Top of RAW DATA

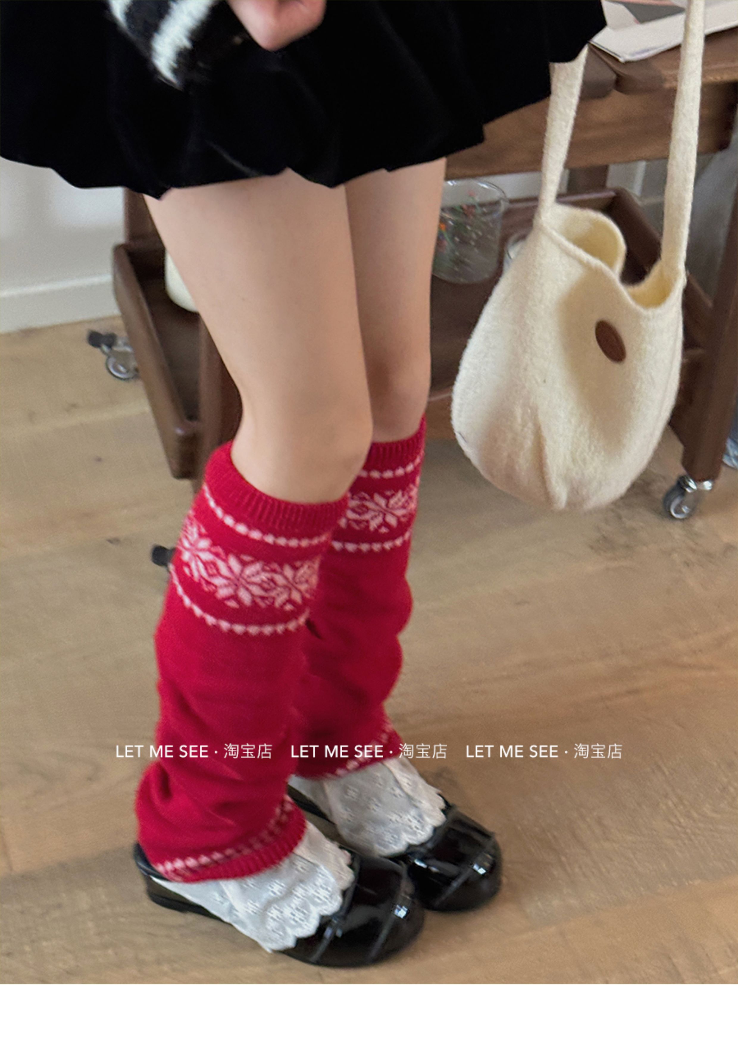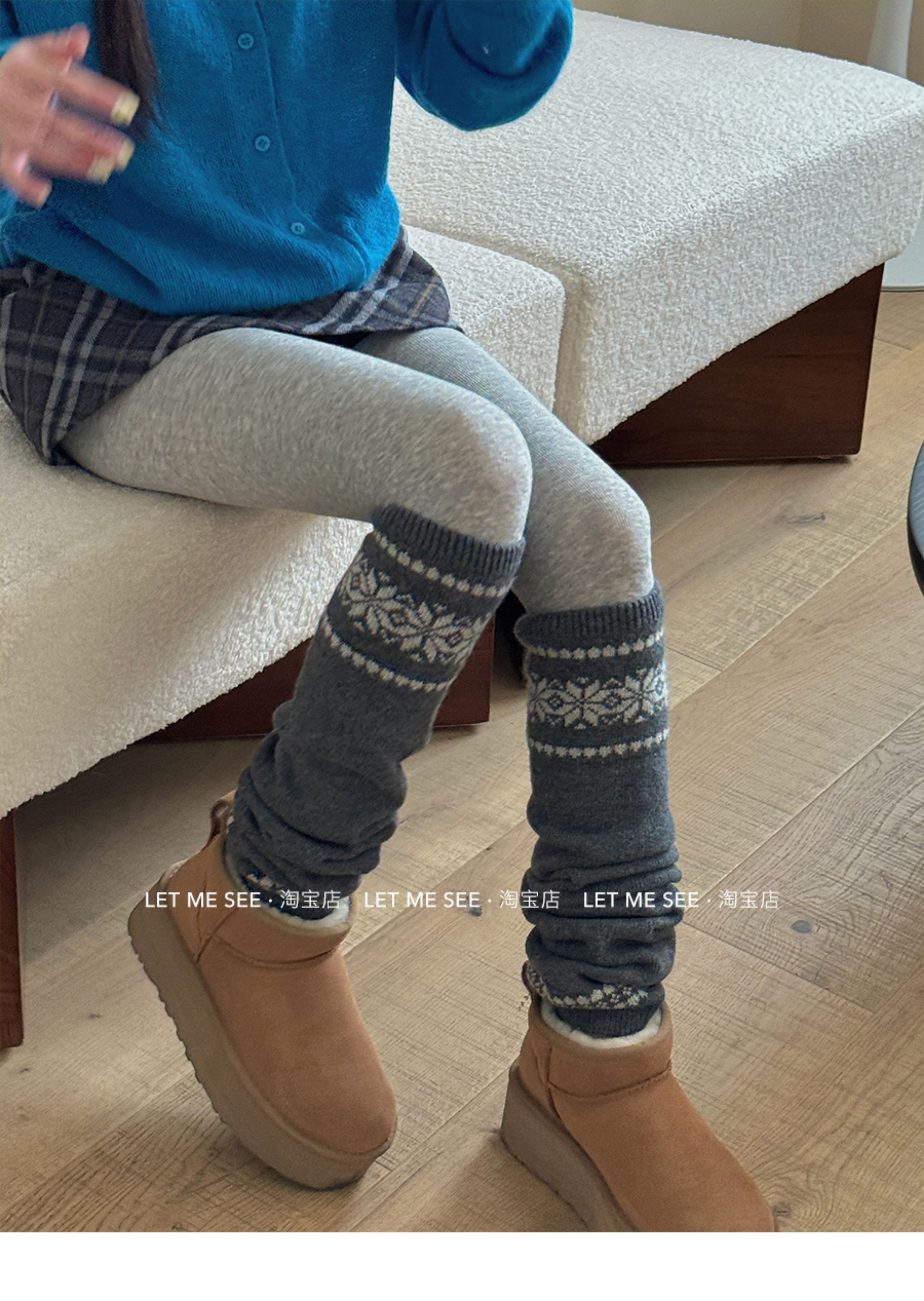 Let Me See Autumn and Winter Korean Style Snowflake Nordic Knit ins Warm Leg Warmers Slouch Socks
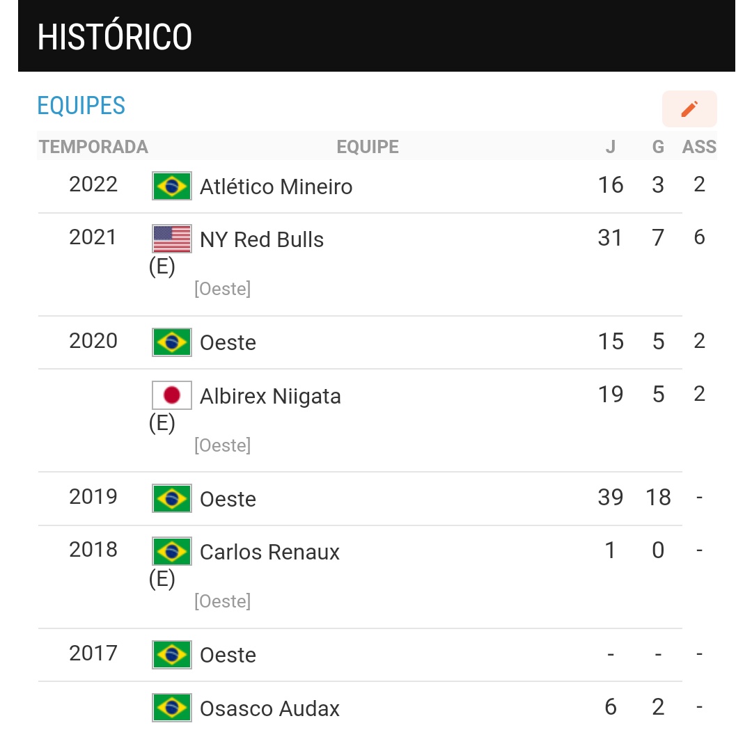 Os números completos de Fábio Gomes em todos os clubes que passou, segundo o @ogolcombr.
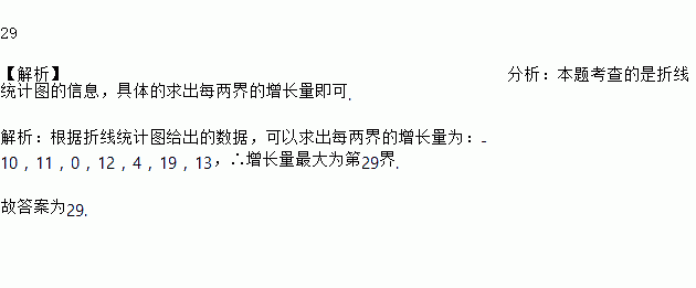 从1984年起,我国参加了多届夏季奥运会,取得了骄人的成绩.如图是根据第23届至30届夏季奥运会我国获得的金牌数绘制的折线统计图,观察统计图可得:与上一届相比增长量最大的是第______届夏季奥运会.
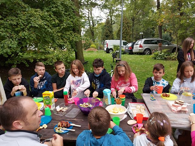 Uczniowie kl. IV, V,VI udali się na wycieczkę do Kazimierza Dolnego. Mieli okazję poznać bliżej bogatą historię miasta podczas spaceru malowniczymi uliczkami. Interesującym miejscem na mapie Kazimierza Dolnego był Kirkut - Cmentarz Żydowski. Uczniowie uczestniczyli w rejsie statkiem, podczas którego mieli szansę podziwiać nadwiślańskie widoki. Fascynującym punktem wycieczki był spacer przez Wąwóz Korzeniowy Dół. Uczniowie mogli z bliska obserwować rozwiniętą sieć odsłoniętych korzeni i pni starych drzew. Kulminacyjnym punktem programu wycieczki było ognisko, podczas którego dzieci integrowały się między sobą poprzez wspólne zabawy i rozmowy. Wszystkim uczestnikom dopisywały humory, a uśmiech szczęścia nie znikał z twarzy jeszcze na długo po powrocie do szkoły. Uczniowie kl. VII natomiast celebrowali szczęście podczas spotkania klasowego w parku przyklasztornym Księży Sercanów. Atrakcją było ognisko, zabawa w podchody o tematyce “Zadbaj o klimat na terenie klasztoru i przyległego terenu”. Dzieci były podzielone na dwie grupy, do której przydzielone były dwie osoby dorosłe, zarówno wychowawca klasy, jak i rodzice. Jedna i druga drużyna przebyła trasę w czasie 1,5 godz. przy okazji ucząc się jak np. oszczędzać energię. Sport to zdrowie, a zdrowie to szczęście, dlatego nie zabrakło gry w piłkę i zabawy w chowanego. Spotkanie przebiegło w miłej atmosferze, zarówno pogłębiającej wiedzę, jak i integracyjnej. Uczennice z klasy ósmej na zajęciach z j.hiszpańskiego pisały oczywiście po hiszpańsku tekst “Kiedy jesteśmy szczęśliwe?” (estoy feliz/alegre cuando...).
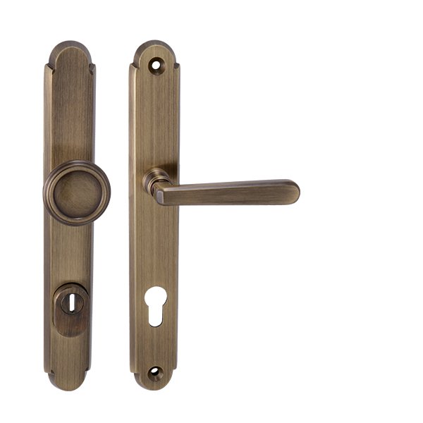 Štítová kľučka na vchodové a bezpečnostné dvere so spevneným rustikálnym štítom s prekrytím cylindrickej vložky je vyrobená z materiálov vysokej kvality – mosadz a je povrchovo upravená. Rustikálny štít má rozmery 38 mm x 280 mm a hrúbku 11 mm.
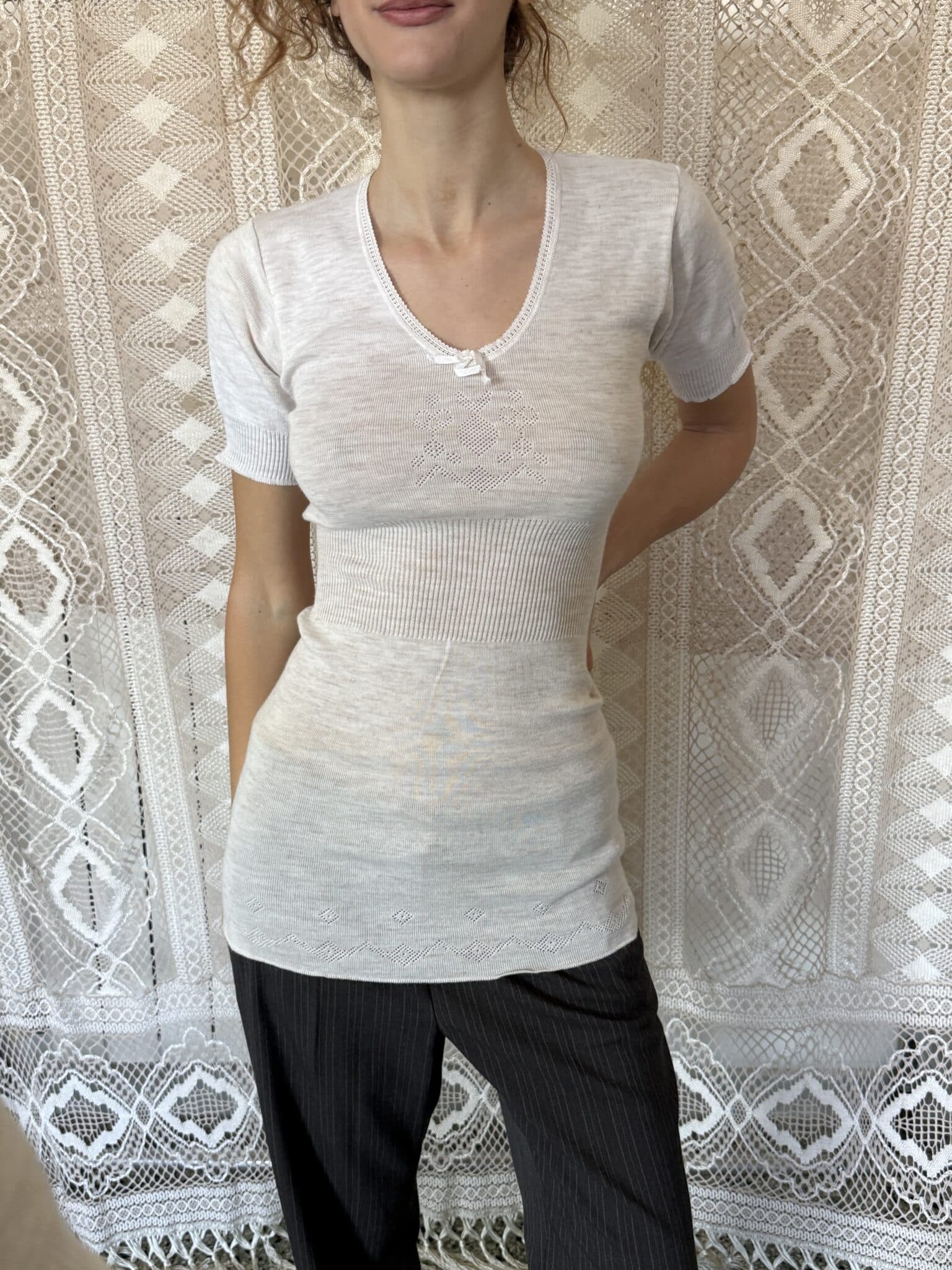 style 4 – ribbed t-shirt w. scalloped lace trim
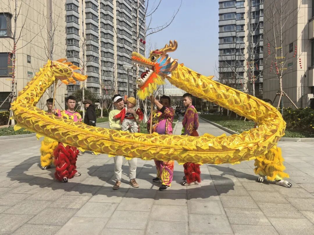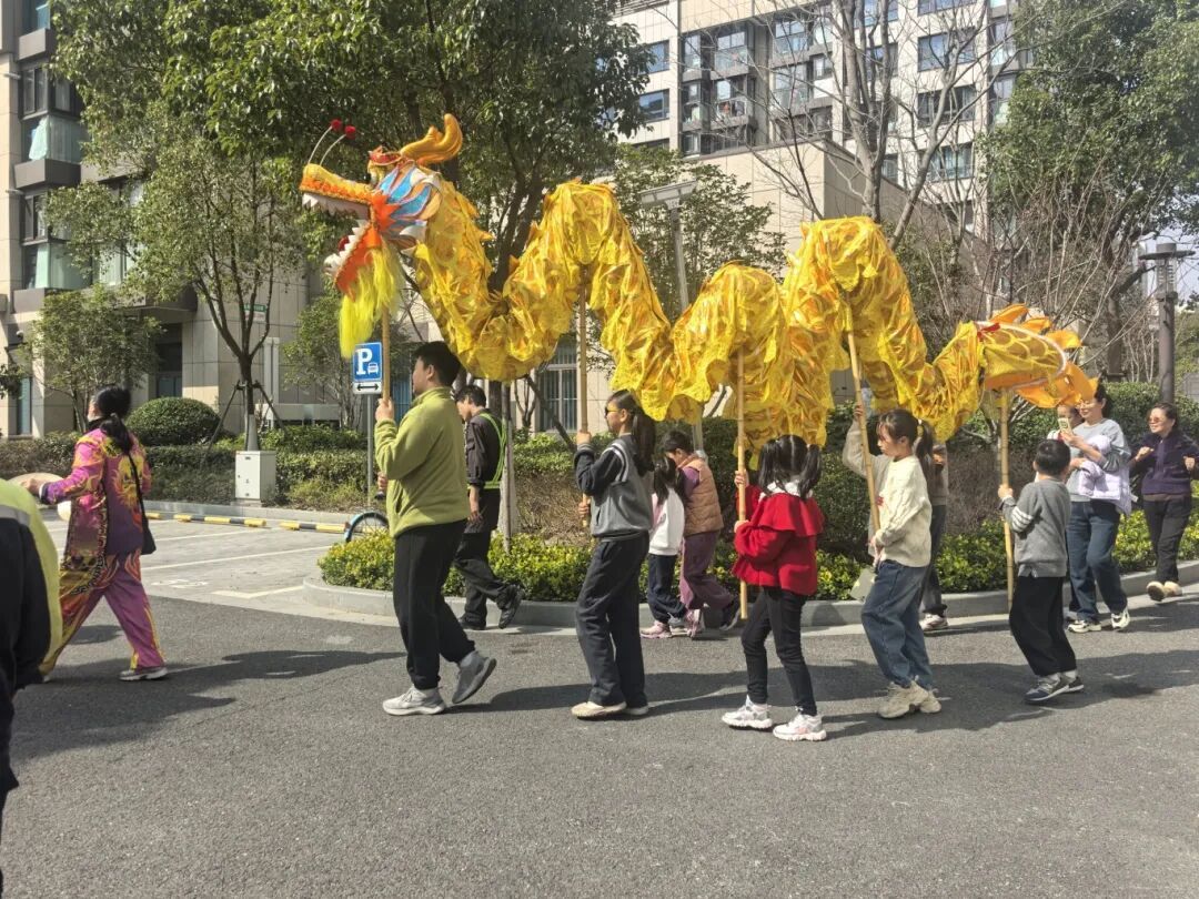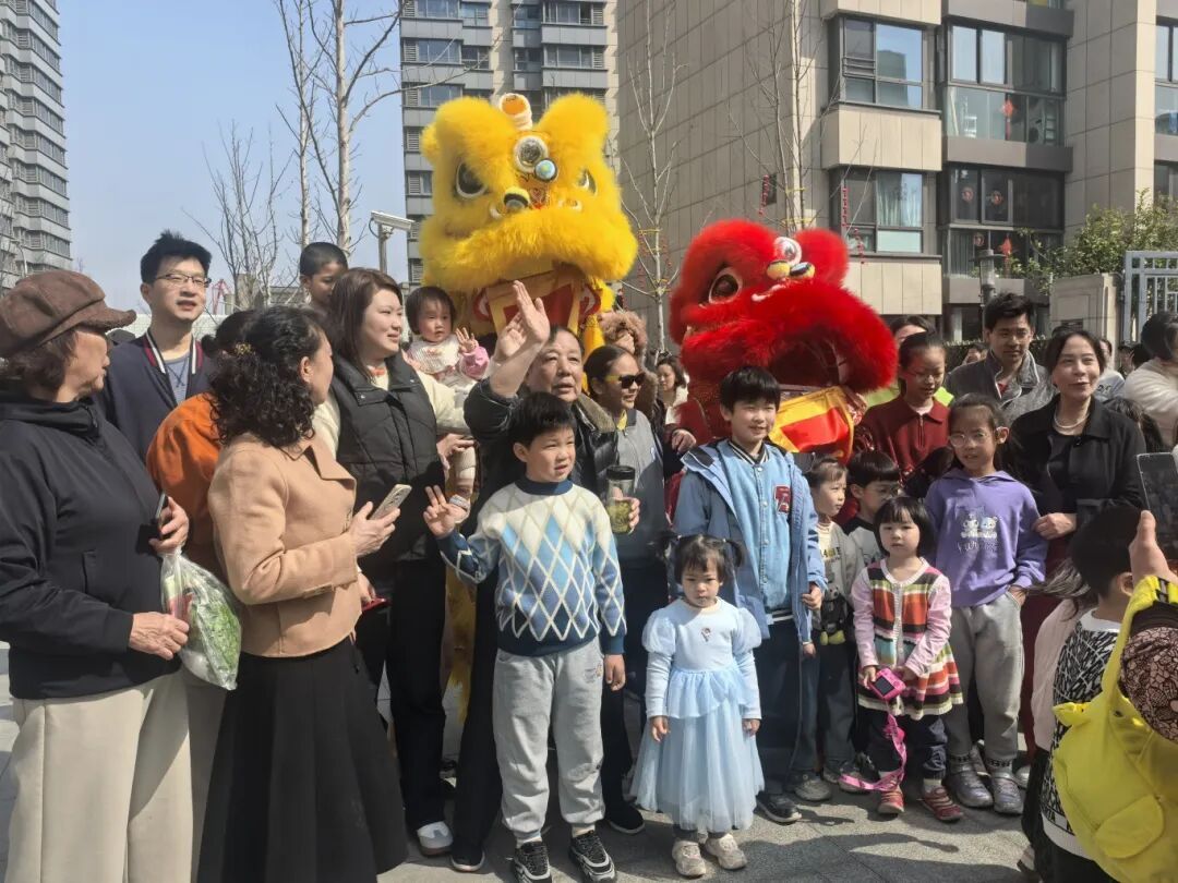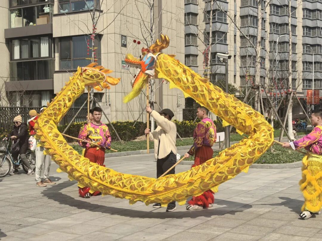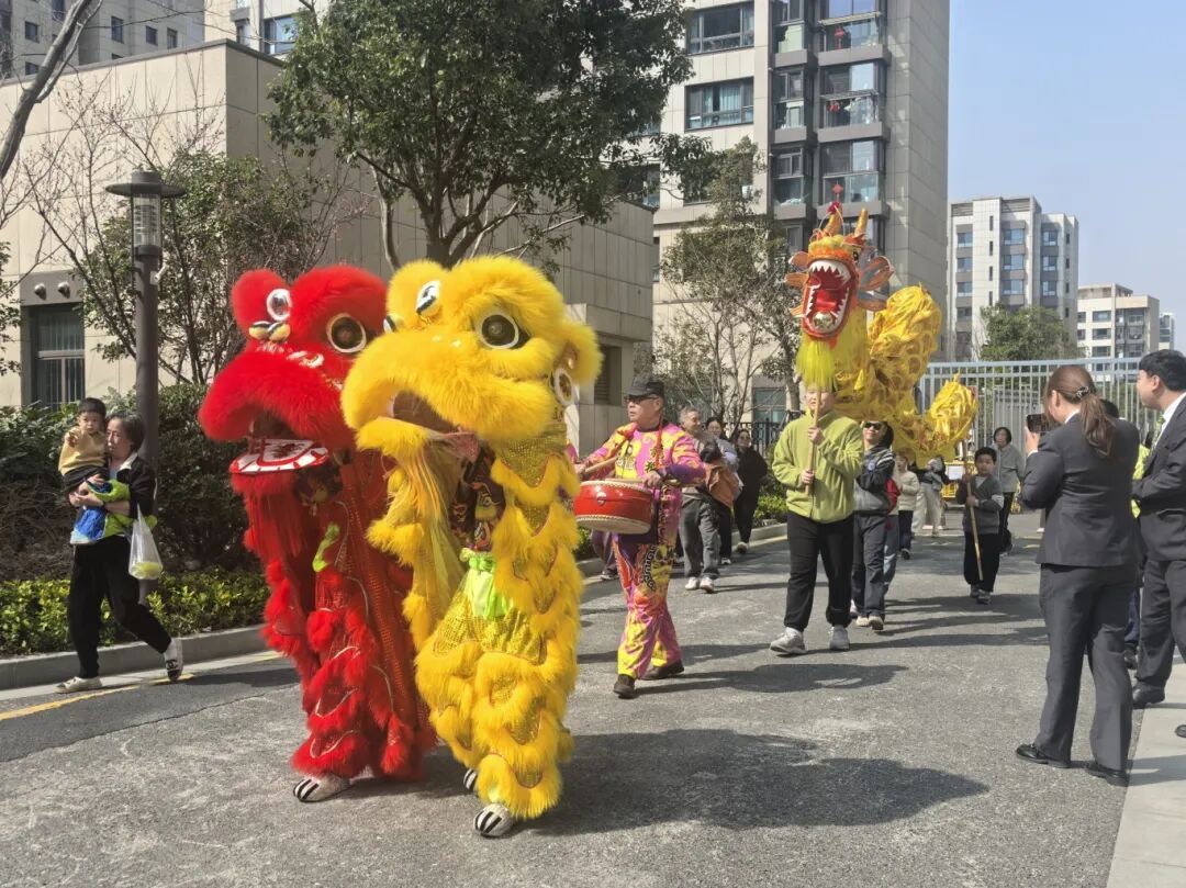 伴随着锣鼓声,舞龙舞狮巡演开始。队伍前方,两只狮子昂首摆尾、憨态可掬,仿佛正向居民们拜年问好;黄灿灿的巨龙紧随其后,翻腾飞舞,沿着小区主干道蜿蜒前行。居民们扶老携幼,争相围观,脸上洋溢着喜悦的笑容。

Bottom of RAW DATA

> _EXERCISE OBJECTIVE_: Above are the records; give them all again exactly, apart from the pictures.

> _SOLVED PROBLEM_:
 Let Me See Autumn and Winter Korean Style Snowflake Nordic Knit ins Warm Leg Warmers Slouch Socks
 Os números completos de Fábio Gomes em todos os clubes que passou, segundo o @ogolcombr.
 从1984年起,我国参加了多届夏季奥运会,取得了骄人的成绩.如图是根据第23届至30届夏季奥运会我国获得的金牌数绘制的折线统计图,观察统计图可得:与上一届相比增长量最大的是第______届夏季奥运会.
 Uczniowie kl. IV, V,VI udali się na wycieczkę do Kazimierza Dolnego. Mieli okazję poznać bliżej bogatą historię miasta podczas spaceru malowniczymi uliczkami. Interesującym miejscem na mapie Kazimierza Dolnego był Kirkut - Cmentarz Żydowski. Uczniowie uczestniczyli w rejsie statkiem, podczas którego mieli szansę podziwiać nadwiślańskie widoki. Fascynującym punktem wycieczki był spacer przez Wąwóz Korzeniowy Dół. Uczniowie mogli z bliska obserwować rozwiniętą sieć odsłoniętych korzeni i pni starych drzew. Kulminacyjnym punktem programu wycieczki było ognisko, podczas którego dzieci integrowały się między sobą poprzez wspólne zabawy i rozmowy. Wszystkim uczestnikom dopisywały humory, a uśmiech szczęścia nie znikał z twarzy jeszcze na długo po powrocie do szkoły. Uczniowie kl. VII natomiast celebrowali szczęście podczas spotkania klasowego w parku przyklasztornym Księży Sercanów. Atrakcją było ognisko, zabawa w podchody o tematyce “Zadbaj o klimat na terenie klasztoru i przyległego terenu”. Dzieci były podzielone na dwie grupy, do której przydzielone były dwie osoby dorosłe, zarówno wychowawca klasy, jak i rodzice. Jedna i druga drużyna przebyła trasę w czasie 1,5 godz. przy okazji ucząc się jak np. oszczędzać energię. Sport to zdrowie, a zdrowie to szczęście, dlatego nie zabrakło gry w piłkę i zabawy w chowanego. Spotkanie przebiegło w miłej atmosferze, zarówno pogłębiającej wiedzę, jak i integracyjnej. Uczennice z klasy ósmej na zajęciach z j.hiszpańskiego pisały oczywiście po hiszpańsku tekst “Kiedy jesteśmy szczęśliwe?” (estoy feliz/alegre cuando...).
 Štítová kľučka na vchodové a bezpečnostné dvere so spevneným rustikálnym štítom s prekrytím cylindrickej vložky je vyrobená z materiálov vysokej kvality – mosadz a je povrchovo upravená. Rustikálny štít má rozmery 38 mm x 280 mm a hrúbku 11 mm.
 style 4 – ribbed t-shirt w. scalloped lace trim
 伴随着锣鼓声,舞龙舞狮巡演开始。队伍前方,两只狮子昂首摆尾、憨态可掬,仿佛正向居民们拜年问好;黄灿灿的巨龙紧随其后,翻腾飞舞,沿着小区主干道蜿蜒前行。居民们扶老携幼,争相围观,脸上洋溢着喜悦的笑容。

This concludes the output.